April 23, 2019 / by Leah Harnack
This truck is massive. It’s larger than a 3,000-square-foot, 2-story house. That’s how Jim Mathis, manufacturing operations general manager- Peoria, described the largest of the mining haul trucks being manufactured at Komatsu America Corp.’s facility in Peoria, Illinois.
These super-sized electric-drive dump trucks are used for large-scale mining applications. They come in six sizes, ranging from 200 to 400-ton haul capacities. Just how big are they? The 980E-4, the largest of the bunch, stands roughly 26-feet tall and features tires that weigh more than 1,000 pounds.
The mining division is an ISO 9001-certified facility, which has become somewhat of an expectation of modern companies. The thing that makes this operation unique is that the entire business operation is ISO-certified.
“That is not common,” said Mathis. “It’s actually quite impressive to have the entire business adhere to these rigorous guidelines.”
The ISO 9000-family of standards provide guidance and tools for companies that want to ensure their products and services meet customer requirements while consistently improving quality.
“It’s the strongest control check out there,” said Mathis. “Customers are demanding it and they don’t want a company to bid that’s not certified.”
The facility in Peoria is one of Komatsu’s Mother plants, a location recognized by the organization for its development capabilities and positioned as a key contributor to global production.

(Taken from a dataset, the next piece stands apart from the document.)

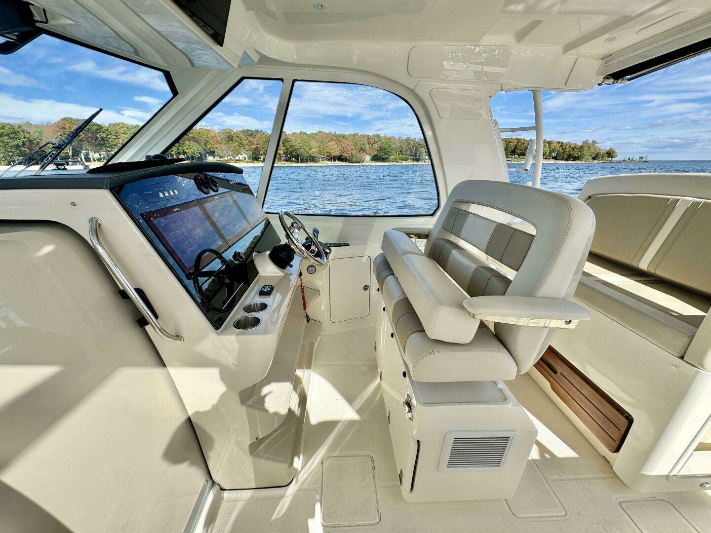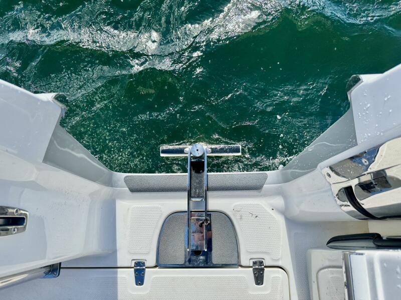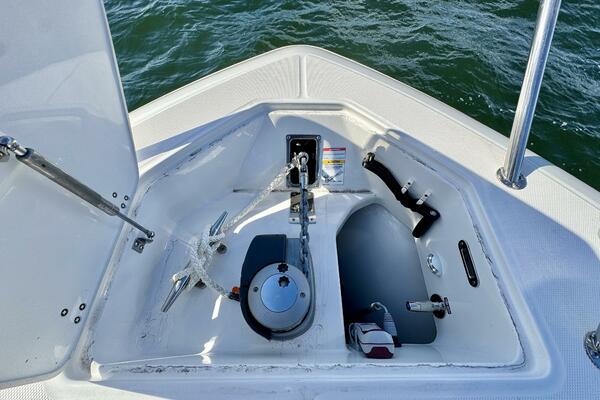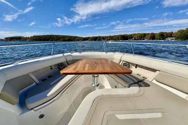 - Nested wind-break door in full windshield provides protection as well as easy bow access.

To support its role as a manufacturing powerhouse, Peoria built a new spare parts warehouse in 2014 capable of housing more than 3,000 components to better serve its customers and create a more efficient workstream by reducing logistical challenges.
When it comes to the production process, Mathis shared an innovation the plant introduced a few years ago: a moving assembly line with a flexible conveying system that uses air to propel pieces of the machinery.

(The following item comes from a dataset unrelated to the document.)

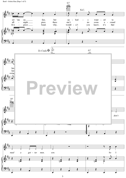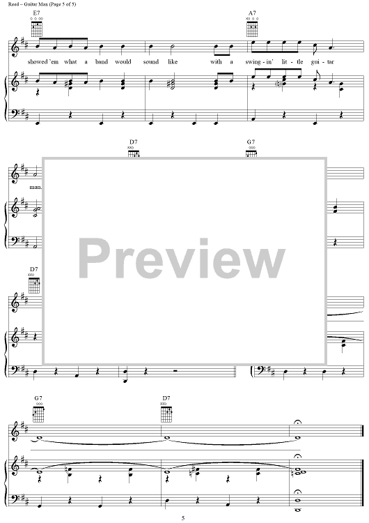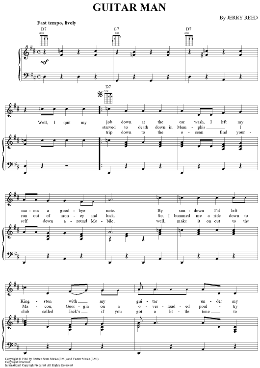 Digital Sheet Music for Guitar Man by Elvis Presley, Jerry Reed scored for Piano/Vocal/Chords; id:382292

Previously the facility utilized a stall-build assembly process. They would simply park the frame and finish the truck over the next three weeks. The air system, Mathis described, is like an air hockey table from the arcade, flipped upside down. Pinholes of air allow them to glide 40-50 tons of truck along the line with ease, making the manufacturing process much more efficient.
People play the most important role in manufacturing these machines.
“It’s true craftsman that make the frame of the truck,” said Mathis. “Our people are some of the most talented in the industry.”
It should come as no surprise that this workforce is so skilled when you consider the history of Peoria.
“Making things was Peoria’s reason for existence for many decades” said Mathis.
Set on the Illinois River, the city was a destination for a variety of imports and an indispensable point of export when maritime transport was the primary way of moving goods. With an abundance of grains in the Midwest, whiskey and beer were two of the earliest exports.
“Distilleries needed talented welders that could fabricate high-quality,” said Mathis. “As time passed, the goods produced here have changed, but the incredibly skilled workforce has remained. We see it as a real strength of the community and it made Peoria the perfect fit for Komatsu.”
The mining division at Peoria employs about 800 people and this facility is very active in seeking out new recruits who excel in skilled labor, particularly welders and assembly electricians.
To help facilitate an influx of fresh talent, the new business model is to train people in the community and to ensure them a job upon completion.
“Employees are the most valuable asset we have,” said Mathis. “As they grow, the company benefits from their knowledge.”
In 2012, PBS featured Komatsu’s Peoria manufacturing facility in “Heavy Metal Task Force,” as part of its “Raw to Ready” series. The show would go into factories to highlight the craftsmanship it takes to build incredible machines and reveal hidden stories of human ingenuity that transform raw materials into monumental marvels of modern technology.
“It’s crazy when you think about it,” said Mathis. “These trucks are harvesting the raw materials we need in order to build more heavy equipment. It’s not the circle of life, but it is the circle of manufacturing.”